Trips per Day and Trips per Month
The following pyspark code should be run using an HPC cluster such as NYU's Dumbo cluster:
- by_date_pickup_fhv.py
- by_date_pickup_green.py
- by_date_pickup_yellow.py
- by_minute.py
- nhbr_data_PySpark.py
Run using the commands:
- spark-submit by_date_pickup_fhv.py
- spark-submit by_date_pickup_green.py
- spark-submit by_date_pickup_yellow.py
- spark-submit by_minute.py
- spark-submit nhbr_data_PySpark.py
This produces the following output files:
- by_date_pickup_fhv.out
- by_date_pickup_yellow.out
- by_date_pickup_green.out
- avg_tra_day.out
- yellow_2016
Place each output file with the name unchanged in the same directory as the following visualization code:
trips_per_day_and_month_viz.py
And run the code using this command:
python trips_per_day_and_month_viz.py
You should see Pickups_per_Day.png and Pickups_per_Month.png appear in the same directory.
Trips by Borough
The following pyspark code should be run using an HPC cluster such as NYU's Dumbo cluster:
- by_location.py
Run using the command: spark-submit by_location.py
This produces the output file by_borough.out.
Place the output file with the name unchanged in the same directory as the following visualization code:
by_borough_viz.py
And run the code using this command:
python by_borough_viz.py
You should see heatmap_borough_all.png and heatmap_borough_exc_manhattan.png appear in the same directory.
Trips per Day and Month, Citi Bike included.

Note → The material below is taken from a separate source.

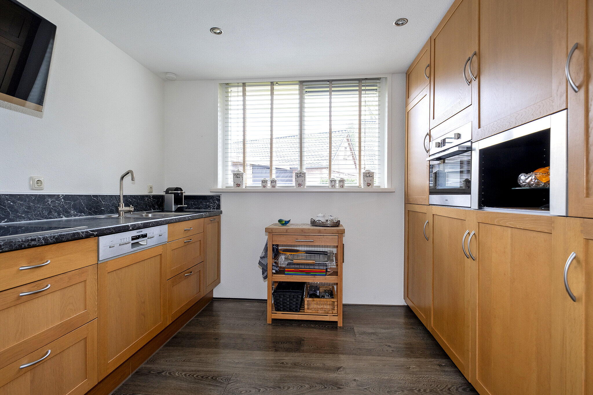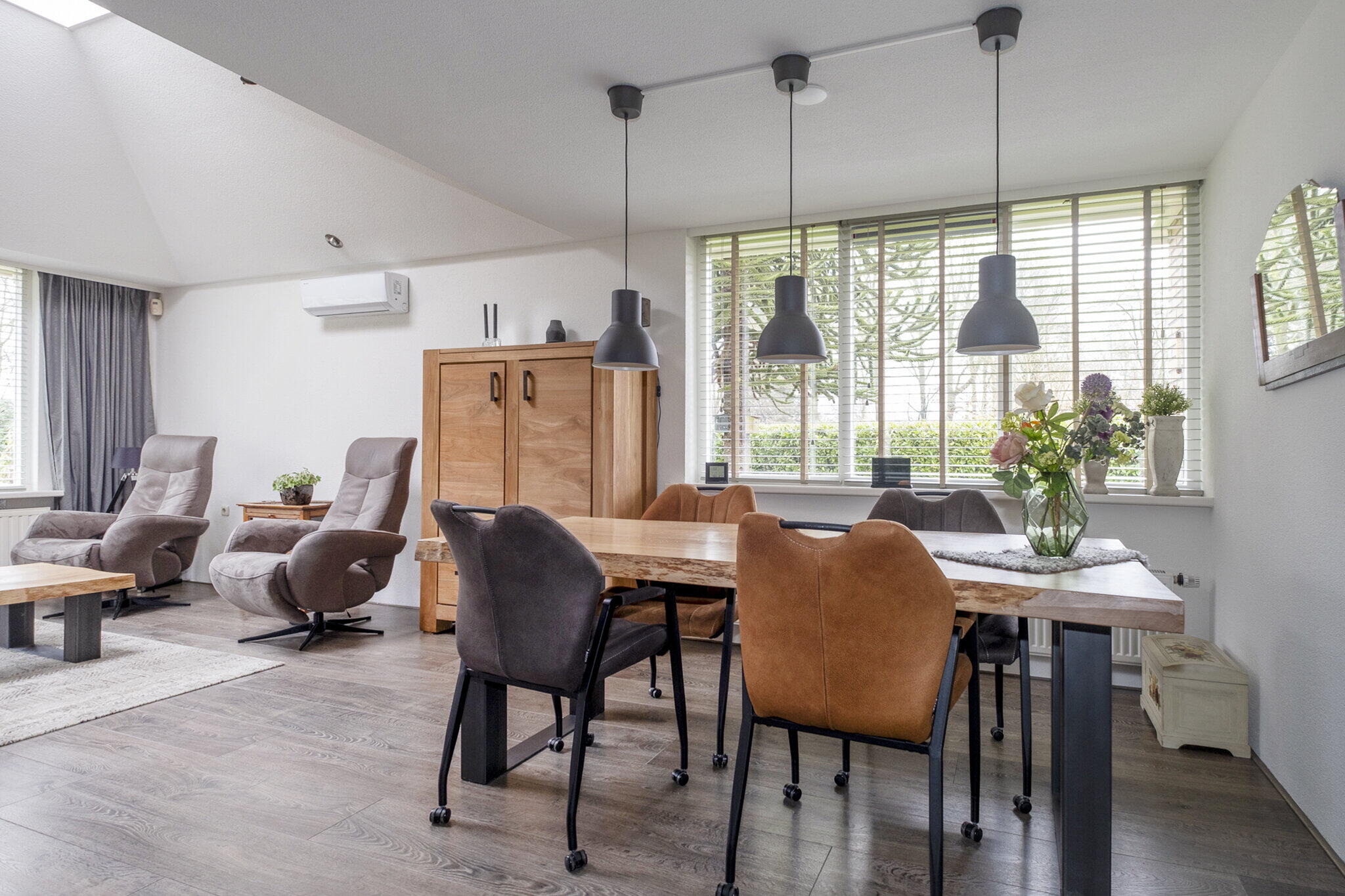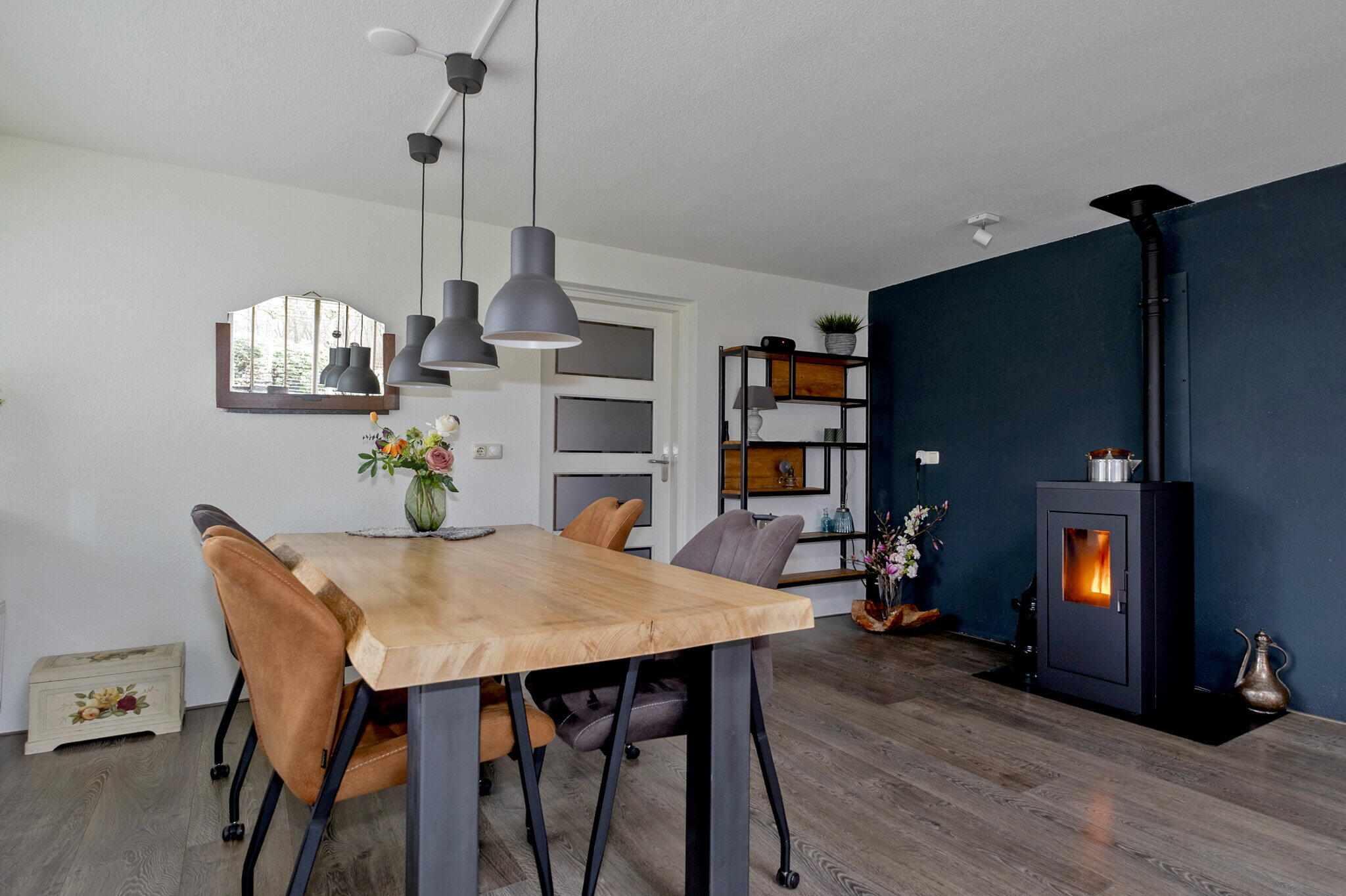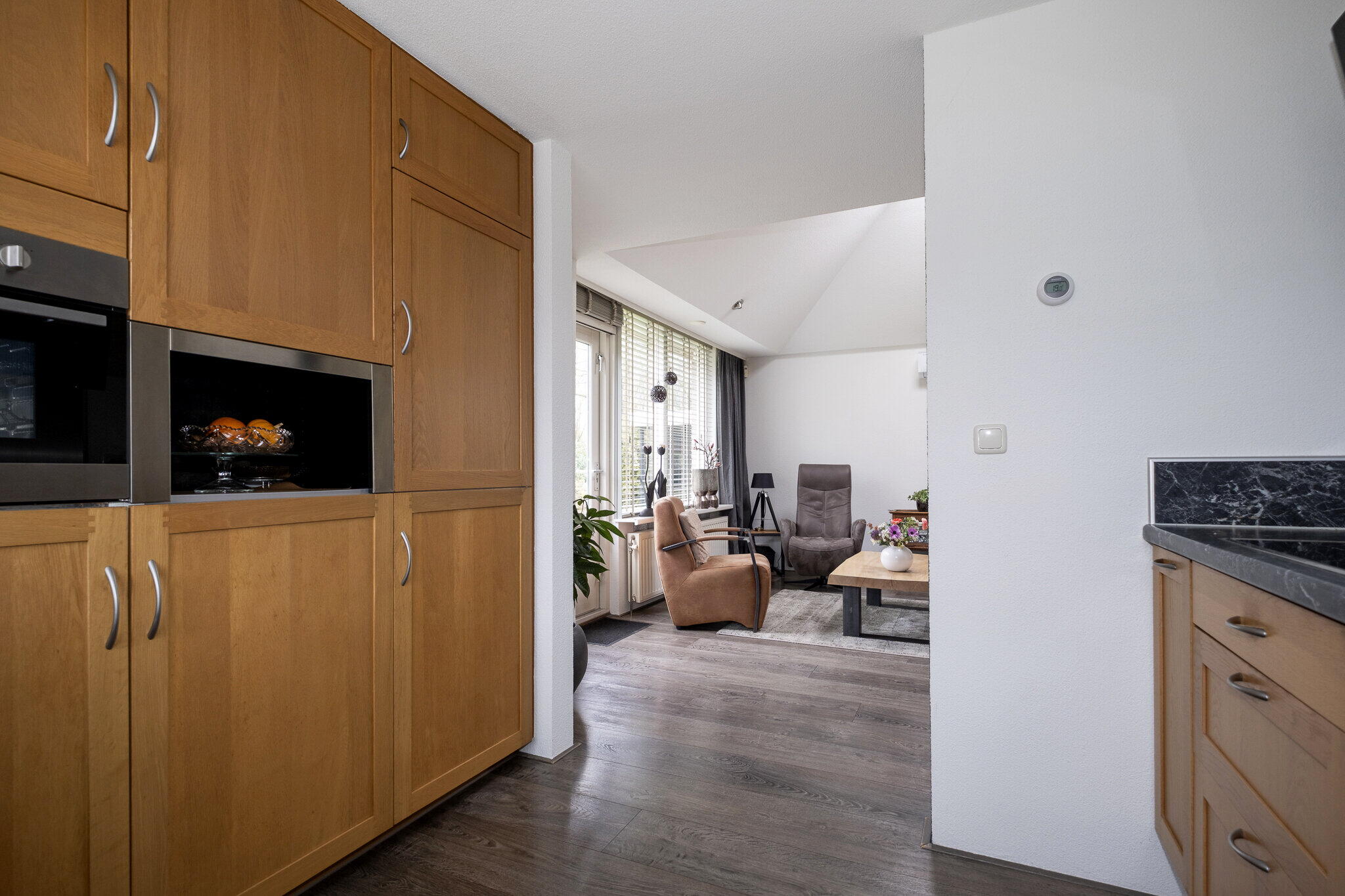 Bij binnenkomst in de hal wordt u verwelkomd door een garderobe. De woonkamer met open keuken heeft een prettige lichtinval en fraaie zichtlijnen naar de tuin. Een stijlvolle laminaatvloer en een sfeervolle pelletkachel maken het geheel compleet. De houten keuken is uitgerust met een koelkast, vriezer, vaatwasser, inductiekookplaat, rvs-afzuigkap en ruime bergruimte. Verder biedt de woning een tweede hal met twee slaapkamers (ca. 14 m² en ca. 8 m²), een toilet en een grote kastenwand. Aan de grote slaapkamer grenst een en-suite badkamer (ca. 6 m²) met toilet, inloopdouche en dubbele wastafel.
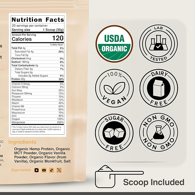- Certified USDA Organic: Trust in the integrity of our plant-based vegan protein powder, certified USDA Organic, non-GMO, and vegan-friendly. Our straightforward label and simple ingredients ensure transparency and quality. Protein sourced from all organic hemp seeds.

The citi bike data can be downloaded here: https://www.citibikenyc.com/system-data
It is also saved on Dumbo in /user/cer446/citibike/
In addition to previous spark scripts for the taxi data, run the following spark script for the citibike data:
by_date_citibike.py
Run using the command: spark-submit by_date_citibike.py
And run the following python script to aggregate and visualize results:
trips_per_day_and_month_viz_part2.py
Place the output file with the name unchanged in the same directory as the following visualization code:
python trips_per_day_and_month_viz_part2.py
And run the code using this command:
python trips_per_day_and_month_viz_part2.py
You should see Trips_Per_Month_all.png and Trips_Over_Time_Transportation_Method.png appear in the same directory.
For the pickup location comparison, run spark scripts pickup_long_lat_citi.py and pickup_by_long_lat.py
The ipynb file Scatterplot+Cab+Locations.ipynb creates the scatterplot of top pickup locations for citi bike and cabs.